Разработка газоотделительного резервуара
В составе анализатора применяется специально разработанная проточная измерительная ячейка (Рис.16). Проточная измерительная ячейка помещается в соответствующее кюветное отделение.
Схема проточной измерительной ячейки. Вследствие того, что поступающая в проточную измерительную ячейку клеточная суспензия, отбираемая из биореактора, должна быть отделена от содержащихся в ней пузырей, газовой фазы, был разработан газоотделительный резервуар, который впоследствии был интегрирован в анализатор.

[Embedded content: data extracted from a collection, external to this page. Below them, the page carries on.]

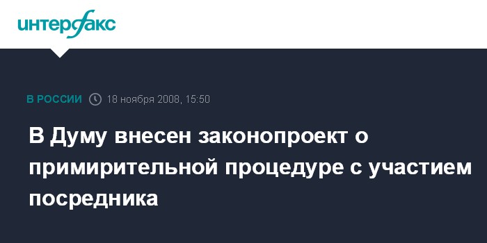Москва. 18 ноября. INTERFAX.RU - Законопроект "О примирительной процедуре с участием посредника (медиации)", предусматривающий разрешение споров хозяйствующих субъектов с помощью посредников, через примирение сторон, внесен во вторник в Государственную Думу.
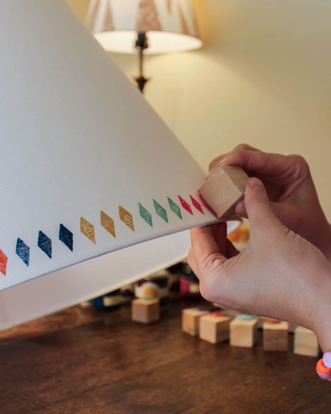 Each design begins with sketches and blockprinting tests. Once I’ve developed a pattern that feels balanced in rhythm and tone, I carve the design into a block and start printing onto cut out 2D paper lampshades. Once I am happy with the design, pattern and colours, I print directly onto the lampshade. I find it’s such a meditative process and my favourite part of running this small business. No two pieces are ever identical which I think makes them so special.
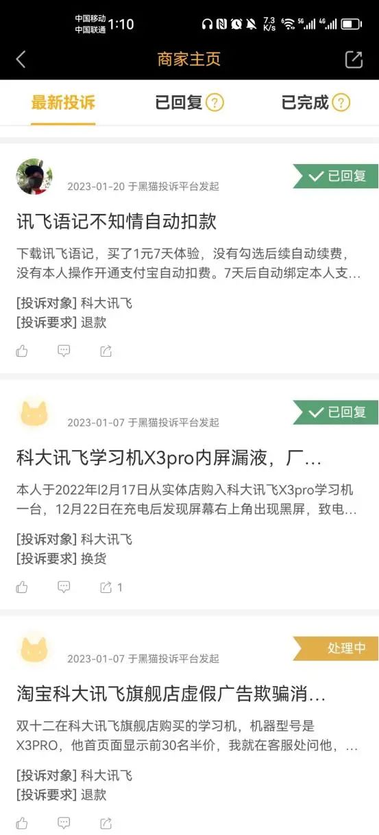 浏览黑猫投诉,截止2023年2月6日18时,科大讯飞共有173条投诉。除了宣传、售后服务质疑等,产品质量吐槽也是焦点,如“科大讯飞T10死机”、“录音笔B1质量问题”、“X3pro学习机内屏漏液,拒绝三包”等。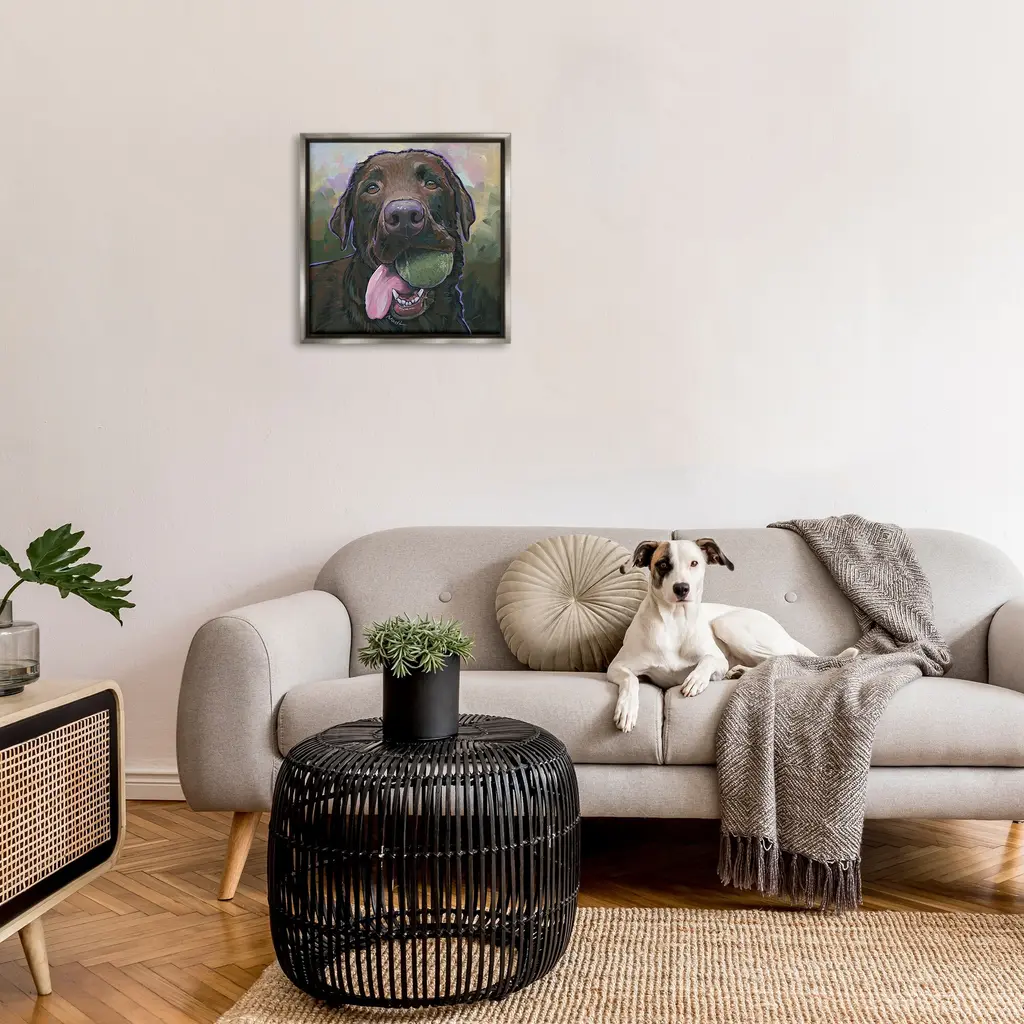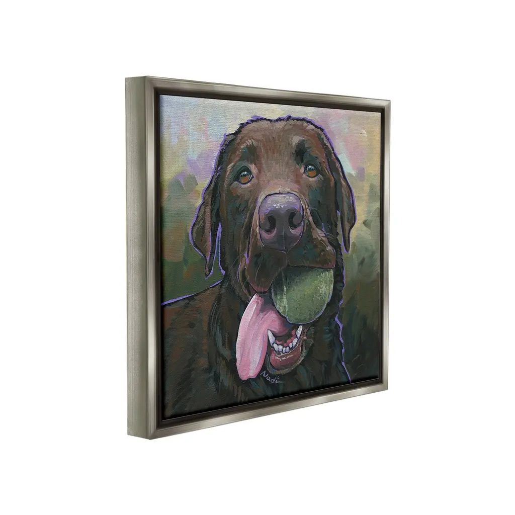 Elevate your home or office to the next level with Stupell Framed Floating Canvas Wall Art. Our premium hand-stretched canvas is mounted securely into a sturdy lightweight frame. The museum-style gap between the wrapped canvas and the box frame gives the illusion of floating artwork. Stupell Wall Art is made in the USA.Features: Dimensions: 18 x 1.7 x 18 Frame, 17 x 1.5 x 17 Canvas ArtFloating Frame Canvas Products are available in sizes 18"x18" and 25"x25". All Floating Frame Canvas Products have a 1.7" Depth.Wall Art is Ready to Hang with Hardware Free Hanging. No Installation required. For Easy Set Up Lean or Layer Artwork on Shelf or Against Wall. Artwork is Permently Fixed into the Frame.Our elevated 1.7" Thick Floating Frame is the perfect complement to our canvas style Wall Art. We use only the highest quality inks in house with industry leading printing solutions. Canvas is hand stretched over a durable wood foundation and then mounted securly into a Modern Box Frame. Made in the USA.Artwork Relates To: Animal, Canine, Dog, Labrador Retriever, Pet, Ball, Sport, Tennis BallDesign by Nadi Spencer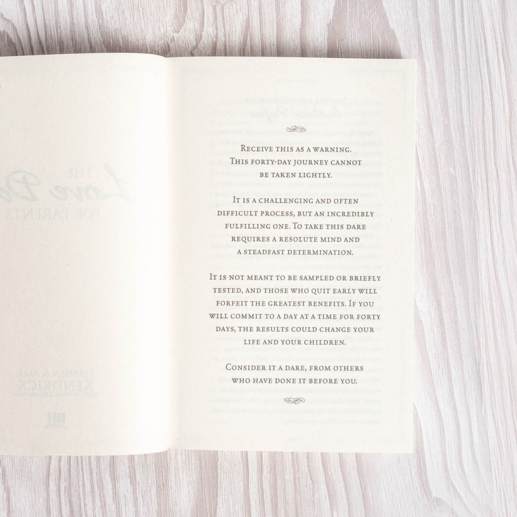 Each day brings a promising key verse from Scripture, a biblical principle about love that applies to parenting, a specific challenge the parent does for the sake of their child, and space to journal thoughts and reflect on what happened that day.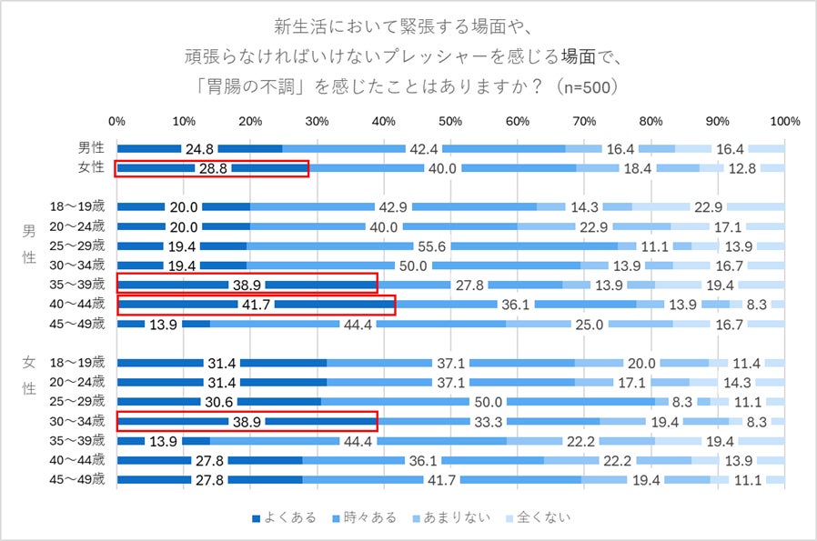 性別で見ると、女性の方が28.8%(「よくある」回答)と頻度が高い傾向にありますが、年代別で最も割合が高かったのは40代前半の男性(41.7%)でした。次いで30代後半男性(38.9%)や30代前半女性(38.9%)も高く、仕事や家庭での役割が増えやすい世代であるミドル層が、新生活のストレスを身体的に受けやすい実態が浮き彫りとなっています。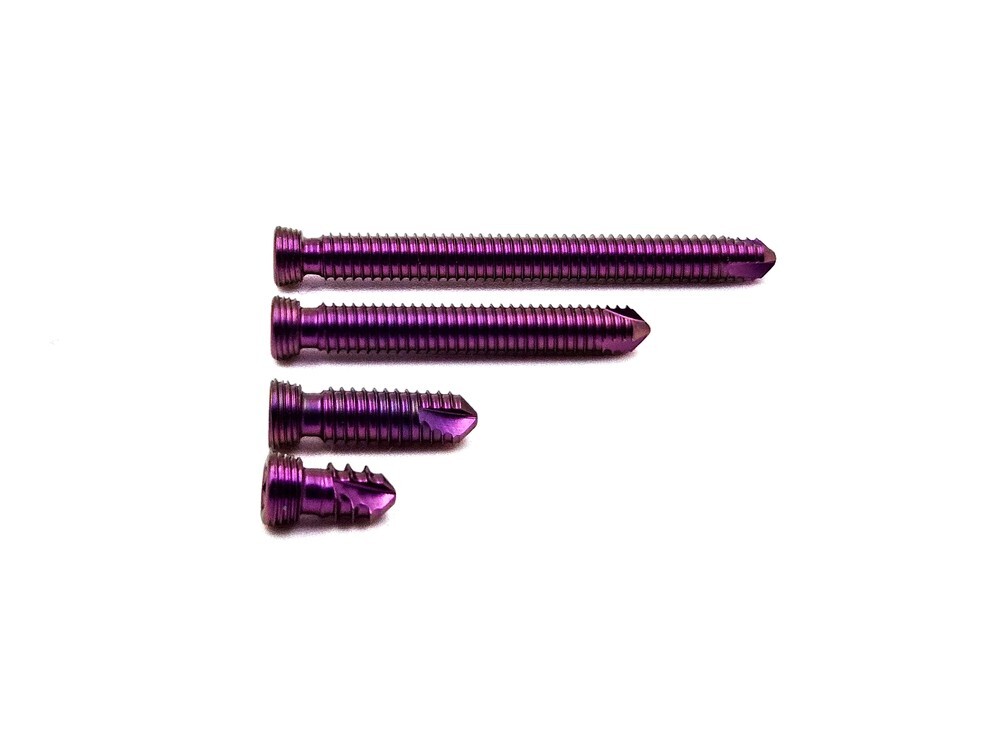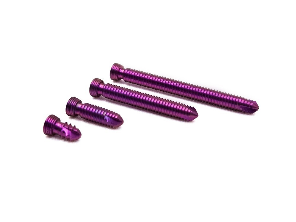- Удобство применения: углубленный шлиц и точные геометрические параметры головки обеспечивают простоту манипуляций во время операции, а цветовая маркировка позволяет быстро идентифицировать размер в операционном поле — снижая риск ошибки.

Сущность работы системы отделения газовой фазы поясняется на рис.17. Клеточная суспензия отбирается из биореактора 1 и по трубке 2 поступает в газоотделительный конусообразный резервуар 3. В резервуаре установлены датчики уровня: датчик нижнего уровня 4а и датчик верхнего уровня 46. Сигналы с датчиков поступают на электронный контролер уровня
. Электронный контроллер автоматически устанавливает скорость прокачки насоса 6 так, чтобы уровень заполнения резервуара находился между нижним и верхним датчиками уровня. В газоотделительном резервуаре пузыри газа поднимаются вверх, отделяются от жидкости и далее отводятся с воздушным потоком, минуя проточную ячейку. Суспензионная жидкость, из которой удалены пузыри газовой фазы, поступает в проточную измерительную ячейку 7. После прохождения ячейки, поток суспензии соединяется с газовым потоком и возвращается в биореактор. Вся система магистралей, включающая проточную ячейку является замкнутой. Это позволяет стерильно отбирать пробу и возвращать обратно в биореактор без изменений, что особенно важно при проведении ферментации.
Проведенные опыты по выращиванию дрожжей показали хорошие результаты, клеточная суспензия поступала в измерительную ячейку полностью освобожденной от газовой фазы.
Исследование системы расположения датчиков в приборе.
Анализатор «ЛАСКА» предназначен для непрерывного контроля концентрации биомассы в биореакторе. Этот параметр является ключевым в контроле, регулировании и оптимизации микробиологических процессов.
Принцип действия анализатора «ЛАСКА» основывается на непрерывном измерении светорассеяния в широком диапазоне углов. Метод светорассеяния уже применялся для регистрации плотности биомассы, но не носил универсального характера, так как регистрация интенсивности светорассеяния основывалась на использовании одного выбранного угла и поэтому имела ограниченный диапазон в концентрации биомассы. Проведенные нами исследования с пекарскими дрожжами Saccharomyces cerevisiae показали, что в зависимости от угла регистрации интенсивность светорассеяния пропорциональна плотности биомассы в разном диапазоне значений. Для малых углов регистрации до 10 градусов (фотодатчик 1 и 2) наблюдается нелинейный характер зависимости интенсивности светорассеяния от концентрации биомассы в диапазоне концентрации биомассы от 0.01 г/л до 0.2 г/л. При более высоких значениях плотности биомассы, возникает эффект многократного светорассеяния, и значения интенсивности светорассеяния в малых углах уменьшается. Наоборот, в дальних углах интенсивность светорассеяния значимо увеличивается при повышении плотности культуры. При выбранной конфигурации расположения датчиков в разных углах возможно перекрытие всей области возможной концентрации биомассы (датчики установлены под углами: 0, 8, 30, 150.) (Рис.18).